The focus of the RFI is on the following uses of AI by financial institutions:

• Provision of products and services (e.g., how is AI being used to offer financial products or services? How is AI being used for financial forecasting products and pattern recognition tools?)
• Risk management (e.g., how is AI being used to manage risk and asset liability?)
• Capital markets (e.g., how is AI being used to identify investment opportunities and provide financial advisory services?)
• Internal operations (e.g., how is AI being used to manage payroll, HR functions, training, and software development?)
• Customer service (e.g., how is AI being used to help handle complaints or manage a website?)
• Regulatory compliance (e.g., how is AI being used to assist with regulatory reporting or disclosure requirements?)
• Marketing (e.g., how is AI being used to market to consumers?)

As part of the RFI, the Treasury Department has posed a series of questions geared toward a broad set of stakeholders in the financial services ecosystem (including consumer and small business advocates, nonprofits, academics, and others) to understand the benefits and risks of AI. These questions are use-case focused and seek to ferret out how AI could benefit or pose risks to stakeholders. In addition, the Treasury Department is seeking specific information on how financial institutions are protecting against “dark patterns” and predatory targeting, which could lead to bias and fair lending issues; mimicry of biometric data (e.g., a consumer’s voice), which could affect fraud detection and prevention tools such as multi-factor authentication; and unfair or deceptive acts or practices. The Treasury Department also asks about the privacy impact of AI, noting that AI can enable a firm’s ability to infer attributes and behavior about an individual that could “undermine privacy (including the privacy of others) and dilute the power of existing ‘opt-out’ privacy protections.”

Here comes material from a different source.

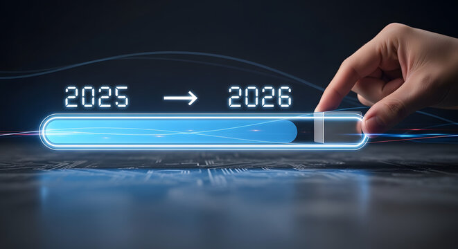 Loading bar with wooden blocks showing progress from 2025 to 2026 on a blue background with hand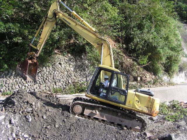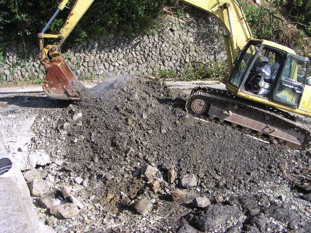 迂回路を造るために協和産業のダンプが走っています

The Treasury Department’s RFI is one of several requests for information on AI. Various other federal agencies are seeking or have sought information on AI, including the Office of the Comptroller of the Currency, the Federal Reserve Board, the Federal Deposit Insurance Corporation, the Consumer Financial Protection Bureau, and the National Credit Union Administration, which issued an interagency RFI in 2021 on financial institutions’ use of AI. This most recent RFI is a reminder that this is a hot topic for regulators, and the heat does not appear to be dissipating any time soon.